# Given data:
┌──

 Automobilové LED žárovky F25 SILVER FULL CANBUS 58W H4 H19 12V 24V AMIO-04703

└──
┌──

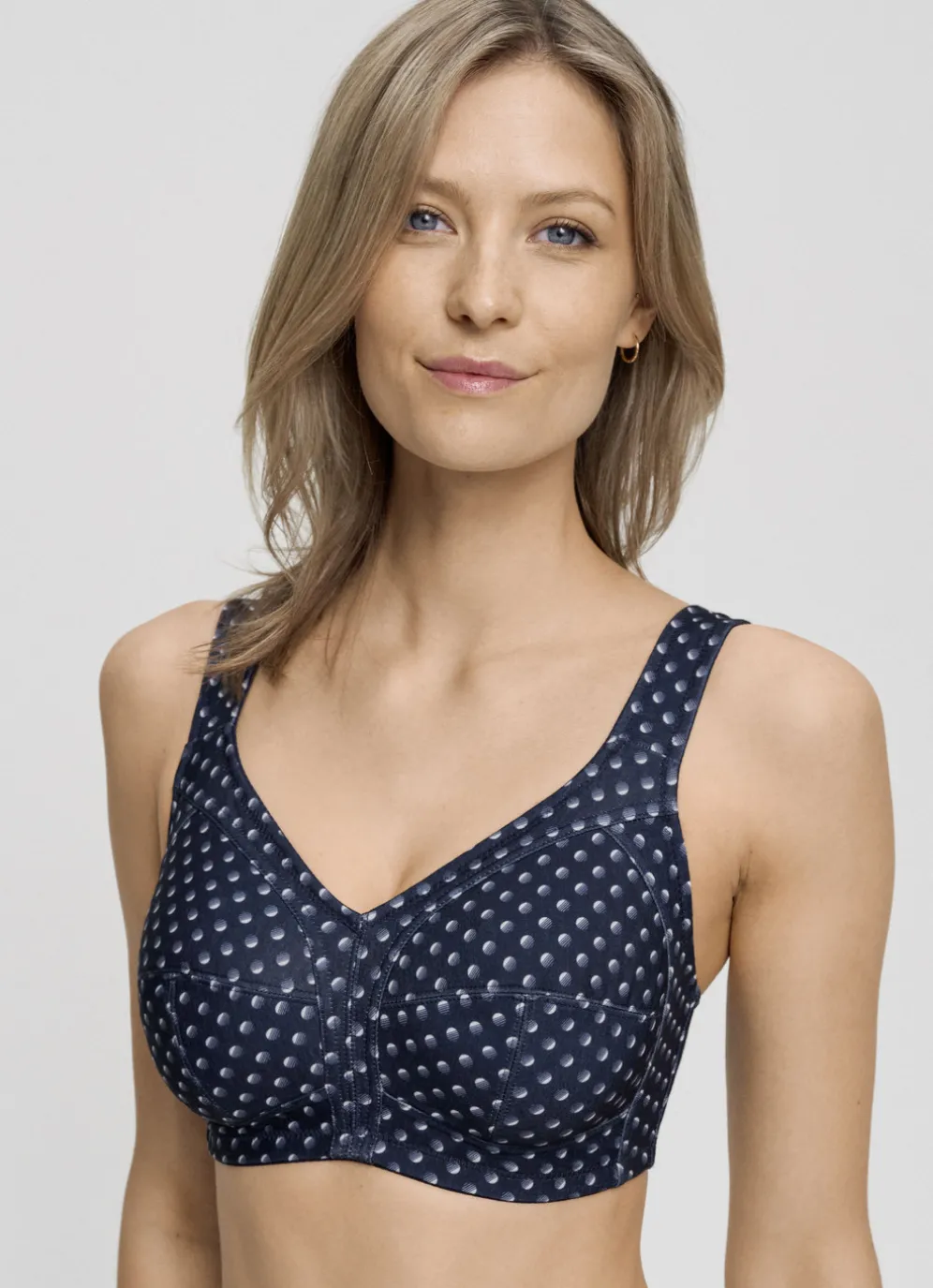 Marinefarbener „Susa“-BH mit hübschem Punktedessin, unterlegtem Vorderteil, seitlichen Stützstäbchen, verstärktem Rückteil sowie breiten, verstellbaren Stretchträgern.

└──
┌──

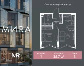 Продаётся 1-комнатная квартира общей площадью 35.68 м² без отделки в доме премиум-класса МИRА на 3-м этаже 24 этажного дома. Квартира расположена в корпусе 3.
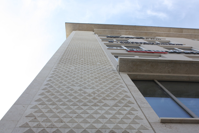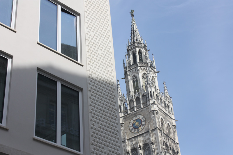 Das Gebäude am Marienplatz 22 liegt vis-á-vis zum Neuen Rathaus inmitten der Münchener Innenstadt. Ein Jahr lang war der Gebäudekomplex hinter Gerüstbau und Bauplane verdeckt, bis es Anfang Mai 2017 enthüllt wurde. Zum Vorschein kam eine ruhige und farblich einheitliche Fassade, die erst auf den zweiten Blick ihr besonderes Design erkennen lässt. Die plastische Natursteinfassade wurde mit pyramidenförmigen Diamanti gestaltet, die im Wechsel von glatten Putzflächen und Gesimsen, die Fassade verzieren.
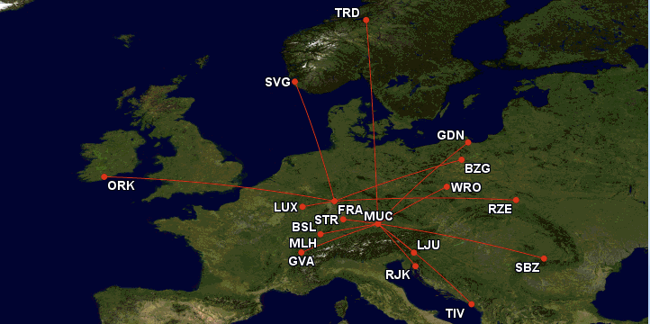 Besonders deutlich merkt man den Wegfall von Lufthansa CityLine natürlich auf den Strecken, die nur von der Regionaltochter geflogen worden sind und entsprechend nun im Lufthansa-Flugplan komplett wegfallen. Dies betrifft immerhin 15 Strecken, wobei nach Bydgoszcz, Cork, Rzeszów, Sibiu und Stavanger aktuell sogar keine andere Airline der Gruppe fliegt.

└──

# Directions for this task:
All lines above starting at the one with "Продаётся 1-комнатная квартира" and ending at the one with "Besonders deutlich merkt", inclusive, are to be printed again exactly, with the pictures left out.

# Task response:
 Продаётся 1-комнатная квартира общей площадью 35.68 м² без отделки в доме премиум-класса МИRА на 3-м этаже 24 этажного дома. Квартира расположена в корпусе 3.
 Das Gebäude am Marienplatz 22 liegt vis-á-vis zum Neuen Rathaus inmitten der Münchener Innenstadt. Ein Jahr lang war der Gebäudekomplex hinter Gerüstbau und Bauplane verdeckt, bis es Anfang Mai 2017 enthüllt wurde. Zum Vorschein kam eine ruhige und farblich einheitliche Fassade, die erst auf den zweiten Blick ihr besonderes Design erkennen lässt. Die plastische Natursteinfassade wurde mit pyramidenförmigen Diamanti gestaltet, die im Wechsel von glatten Putzflächen und Gesimsen, die Fassade verzieren.
 Besonders deutlich merkt man den Wegfall von Lufthansa CityLine natürlich auf den Strecken, die nur von der Regionaltochter geflogen worden sind und entsprechend nun im Lufthansa-Flugplan komplett wegfallen. Dies betrifft immerhin 15 Strecken, wobei nach Bydgoszcz, Cork, Rzeszów, Sibiu und Stavanger aktuell sogar keine andere Airline der Gruppe fliegt.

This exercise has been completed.